Gastrointestinal diseases encompass a wide spectrum of inflammatory and neoplastic conditions. They may be chronic as well as acute disorders. Recently, significant progress in the diagnostic and therapeutic field has been noted. A higher number of patients can now be treated using less invasive endoscopic and radiologic approaches, such as endoscopic prosthesis for biliary and pancreatic strictures and fistulas, endoscopic cystogastrostomy for post-inflammatory pancreatic pseudocysts, and endoscopic necrosectomy for pancreatic necrosis. On the other hand, some patients require advanced surgery, including open, laparoscopic, and robotic approaches.
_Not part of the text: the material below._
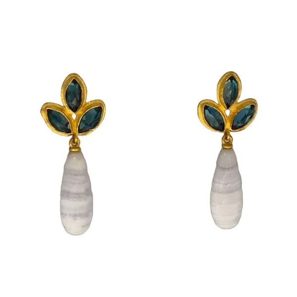 (952) 473-693124K Yellow Gold Blue Topaz and Blue Lace Agate Earrings

In recent years, complex surgical procedures, including esophageal, gastric, bowel, pancreatic, and hepatic resections for gastrointestinal neoplasms, have been evaluated. In addition, techniques for interventional radiological procedures, such as percutaneous drainage of biliary tract and intra-abdominal abscess, transarterial embolization, and stent graft implantation for visceral true and post-inflammatory and postoperative pseudoaneurysms, have improved. Due to advances in multimodal oncological management, including chemotherapy, radiotherapy, immunotherapy, and complex multivisceral surgery (including venous and arterial concomitant resections), radical treatment leading to better prognosis and longer survival may be possible for an increasing number of patients.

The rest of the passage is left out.